To mark the 100th anniversary of the 19th Amendment, the 2020 UND Department of History Robert P. Wilkins Lecture will feature a talk on Cora Smith Eaton, one of UND’s first graduates, who also became a leader in the state’s suffrage movement.

Kristin Mapel Bloomberg
Kristin Mapel Bloomberg

“‘In the thickest of the fray’: Cora Smith Eaton and the Struggle for Woman Suffrage in North Dakota” will be presented by Kristin Mapel Bloomberg, Hamline University Professor of Women’s Studies and Endowed Chair in the Humanities, at 4 p.m. Tuesday, Oct. 29 CDT.

Cora Smith (1867-1939) graduated with UND’s first class in 1889, with a B.S. degree. She was also a UND instructor in arithmetic, geography, spelling, and handwriting (1884-1889). She graduated from Boston University in 1892 with a degree in medicine. She was the first woman to take and pass the North Dakota medical board examination. She practiced in Grand Forks from 1892 to 1896 while also teaching calisthenics (1892-1895). She also lobbied for women’s suffrage. On May 30, 1964, Cora Smith Hall, a women’s dormitory on the UND campus, was dedicated in her name.

A dedication ceremony for the new National Votes for Women Trail Marker in Grand Forks will precede the lecture. The ceremony will include a welcome by District Court Judge Lolita G. Hartl Romanick, remarks by States Attorney Haley Wamstad and County Commissioner Cindy Pic, concluding with actual dedication by  Susan Wefald, N.D. Coordinator, National Votes for Women Trail. National and local partners for this project included the William G. Pomeroy Foundation, New York, who paid for the historic marker; and the Grand Forks County Commission, which approved placement and installed the National Votes for Women Trail marker on their grounds.
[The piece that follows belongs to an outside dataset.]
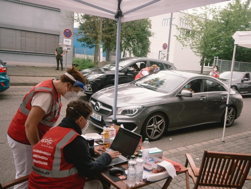 6月5日,德國(guó)梅爾布施的工作人員在一處“得來(lái)速”式新冠疫苗接種點(diǎn)工作。
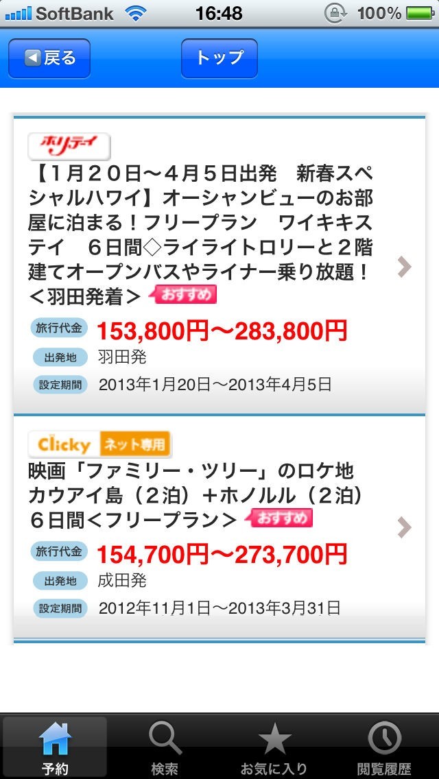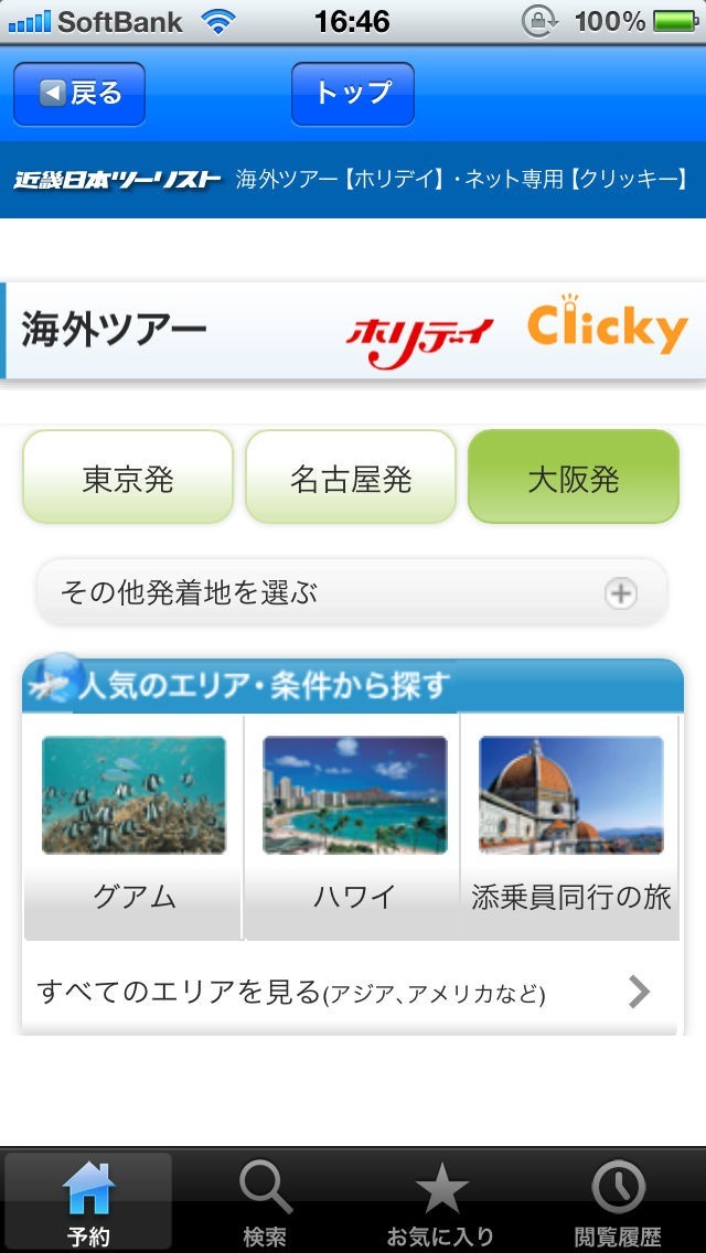 気になった行程やツアーはお気に入り登録することが可能です。お気に入りタブを押すことですぐに見返すことができます。また履歴機能もあるので、直近閲覧したものもチェックしやすいです。

Register to attend the virtual dedication ceremony and lecture.

About Kristin Mapel Bloomberg
Kristin Mapel Bloomberg is a professor of women’s studies and the Endowed Chair in the Humanities at Hamline University. She holds degrees from Hamline, St. Cloud State University and the University of Nebraska. Her research interests focus on the history, culture, and literature of American women of the 19th century in the Trans-Mississippi West. She has published on a variety of topics such as women’s social and civic organizations, woman suffrage, women and early co-education, and women-authored journals and novels.

About the Wilkins Lecture Series
The Robert P. Wilkins Lecture Series was established by the UND department of history (now the department of history and American Indian Studies) as a tribute to the long service, dedication to teaching, and intellectual curiosity of Professor Robert P. Wilkins (1914-1989).

Wilkins, who earned degrees from Indiana University and West Virginia University , joined the UND History Department in 1945, where he offered courses in Ancient, Medieval, Modern European, American, and Canadian History, and also developed a series of courses on popular culture, particularly in the area of American popular music. His wife, Wynona, taught French. He taught at the University of Oklahoma during a 1962 leave of absence and in 1964 took a position at Marshall University. He returned to UND in 1967 to teach and to be editor of the North Dakota Quarterly, developing it into one of the region’s premier academic journals. He specialized in North Dakota history, and he and Wynona authored North Dakota: A Bicentennial History. He retired in 1981 and continued to conduct research and publish. For a full decade after his retirement, he volunteered to teach at least one class each semester. He died in 1998.